Task item: Drop the pictures and restate the rest of the listing word for word.

Given material:
☆ ☆ ☆ ☆ ☆

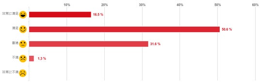 プロミスの即日融資の満足度評価では、「非常に満足」「満足」との評価が合計で8割以上集まった。
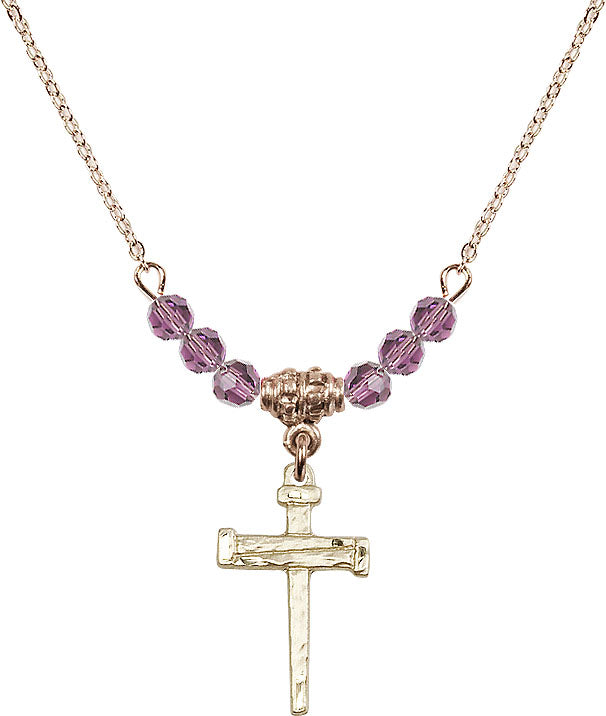 Gold-Plated Necklace with 4mm Light Amethyst Crystal Beads & 14K-Filled Nail Cross Medal
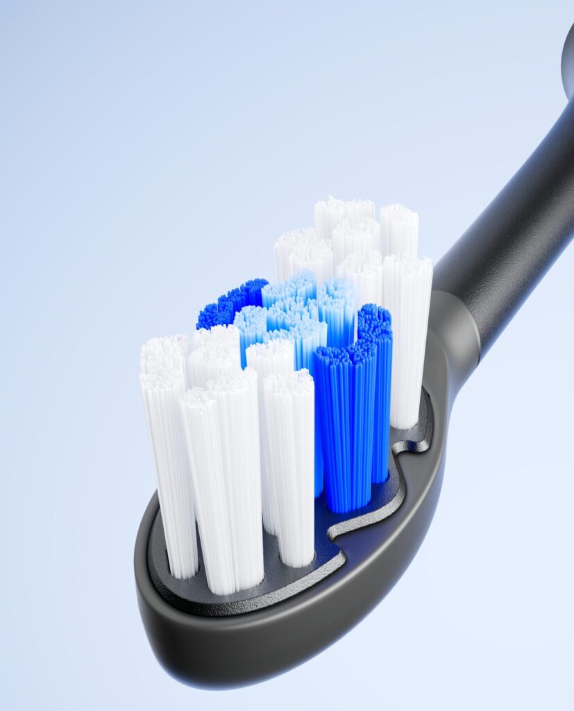 Электрическая щётка с вытянутой формой головки предназначена для отбеливания эмали за счёт щетины разной длины. Помогает бережно и тщательно вычистить придесновую бороздку, отполировать зубы, избавится от неприятного запаха в полости рта.

☆ ☆ ☆ ☆ ☆

Written solution:
 プロミスの即日融資の満足度評価では、「非常に満足」「満足」との評価が合計で8割以上集まった。
 Gold-Plated Necklace with 4mm Light Amethyst Crystal Beads & 14K-Filled Nail Cross Medal
 Электрическая щётка с вытянутой формой головки предназначена для отбеливания эмали за счёт щетины разной длины. Помогает бережно и тщательно вычистить придесновую бороздку, отполировать зубы, избавится от неприятного запаха в полости рта.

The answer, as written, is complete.